Epilog

986 68 20
                                    

Empat Bulan Kemudian

"RSIA Hari Bahagia, ya." Ujar Brian pada ponselnya, rupanya ia sedang menelepon.

"Oke siap." Jawab orang di seberang teleponnya.

Brian kembali fokus pada Egi setelah sambungan telepon terputus. Tadi pagi Egi mengeluhkan perutnya yang luar biasa sakit. Menurut Egi itu adalah kontraksi. Brian langsung membatalkan semua jadwalnya untuk menemani Egi takut-takut ini kontraksi asli setelah sebelumnya beberapa kali hanya paslu. Kemudian menuju siang air ketuban Egi pecah. Segera saja mereka ke rumah sakit.

Brian menyugar rambut Egi. "Masih sakit, yang?"

Egi hanya bisa mengangguk. Sesekali air matanya keluar saking tidak bisa menahan sakitnya. Maka Brian akan terus menggenggam Egi dan mendengar semua keluhannya.

"Ibu udah jalan ke sini sama Davin. Mami sama papi juga barengan Clary nanti."

Egi menatap Brian, "Evan gak ada? Kok ibu sama Davin?"

"Evan masih di jalan, sayang. Dia aku suruh langsung ke sini aja. Lagian Davin kan nganggur juga. Kasihan Evan capek nanti kalau bolak-balik."

Egi mengangguk tanpa protes. Ia terlalu tidak sanggup untuk bersuara. Rasa sakit hendak melahirkan sudah menguasai dirinya sepenuhnya. Ia hanya bisa pasrah dengan semua yang Brian lakukan.

Seorang perawat dan dokter masuk. Mereka memeriksa Egi lagi. Egi meringis sakit saat dokter memeriksa pembukaannya.

"Selamat siang Ibu dan Bapak." Ujar dokter ramah.

"Saya periks, ya." Egi dan Brian mengangguk.

Brian bergeser sedikit memberi ruang untuk perawat dan dokter agar bisa memeriksa Egi. "Masih belum bukaan sepuluh ya, Bu. Masih harus nunggu sebentar lagi."

Egi rasanya langsung lemas mendengar itu. Ia hanya bisa mengangguk pasrah. Tangannya masih menggenggam kuat Brian.

"Emang gak bisa lebih cepet ya, dok?" Tanya Brian yang sudah kasihan melihat Egi.

"Memang harus nunggu, Pak. Kecuali mau operasi."

"Mau operasi, Gi?" Tawar Brian.

Egi menggeleng, "Aku mau normal, Yang." Jawabnya lemah.

Brian hanya menggeleng, "Kita tunggu lagi, dok."

Dokter mengangguk kemudian pamit keluar. Katanya mereka akan ke sini setelah beberapa saat lagi. Syukurnya Egi sudah hampir mencapai bukaan sepuluh. Tinggal tunggu beberapa waktu lagi.

"Mau duduk?" Tawar Brian, Egi mengangguk.

Brian membantu Egi untuk duduk. Brian juga ikut duduk di sebelah Egi, mengelus perut Egi sambil sesekali merapalkan doa berharap kelahiran Egi dilancarkan.

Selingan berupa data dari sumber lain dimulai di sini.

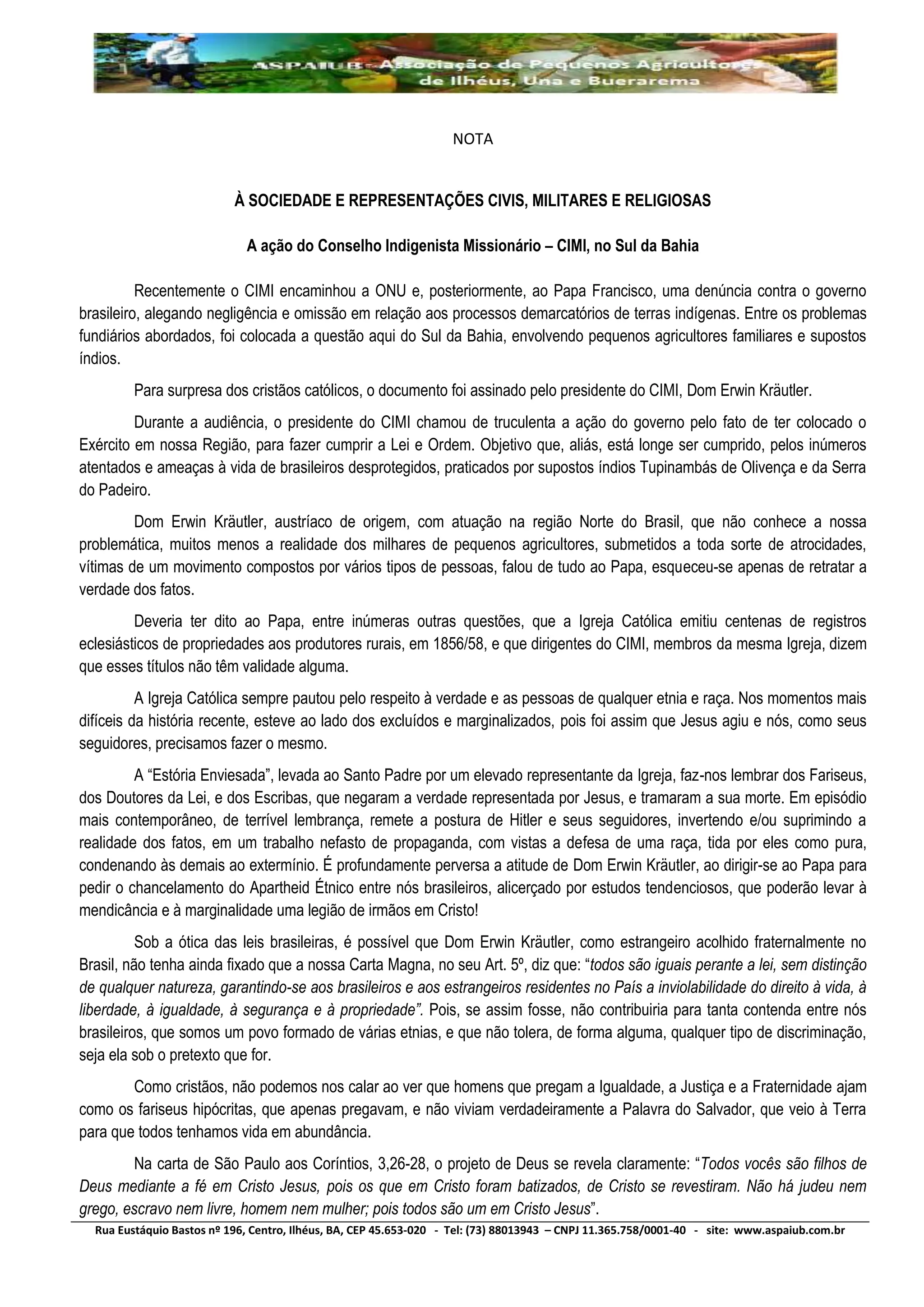 Dom Erwin Kräutler, presidente do CIMI, apresentou uma denúncia à ONU e ao Papa Francisco sobre a situação fundiária no sul da Bahia, alegando negligência do governo brasileiro. A ASPAIUB critica fortemente a denúncia, afirmando que ela distorce a realidade e omite fatos importantes, como invasões de propriedades e violência contra agricultores pela suposta etnia indígena Tupinambá. A ASPAIUB pede que a Igreja e o governo garantam a segurança dos agricultores e a devolução

"Ibu masih lama datang, ya?" Tanya Egi.

"Kayaknya bentar lagi. Sabar sebentar, ya."

Tepat setelah itu Davin dan Liana datang. Wajah Liana terlihat sangat khawatir. Ia langsung mendatangi Egi begitu Brian salim.

"Kata dokter gimana?" Liana menatap Egi dan Brian.

"Masih belum bukaan sepuluh, tapi katanya tunggu sebentar lagi." Jelas Brian.

"Bu..." Ujar Egi memelas.

"Gue ke depan sambil nunggu Mami Papi deh. Bu, Davin ke depan dulu ya." Pamit Davin.

Davin ingin memberikan ruang untuk Egi dan Liana.

"Iya, Nak." Jawab Liana.

Liana menyugar rambut Egi. "Maafin semua kesalahan yang pernah Egi buat ya, Bu. Maafin semua perkataan dan perbuatan yang bikin Ibu sakit hati juga. Egi mohon ampun sama Ibu." Egi menciumi punggung tangan Liana.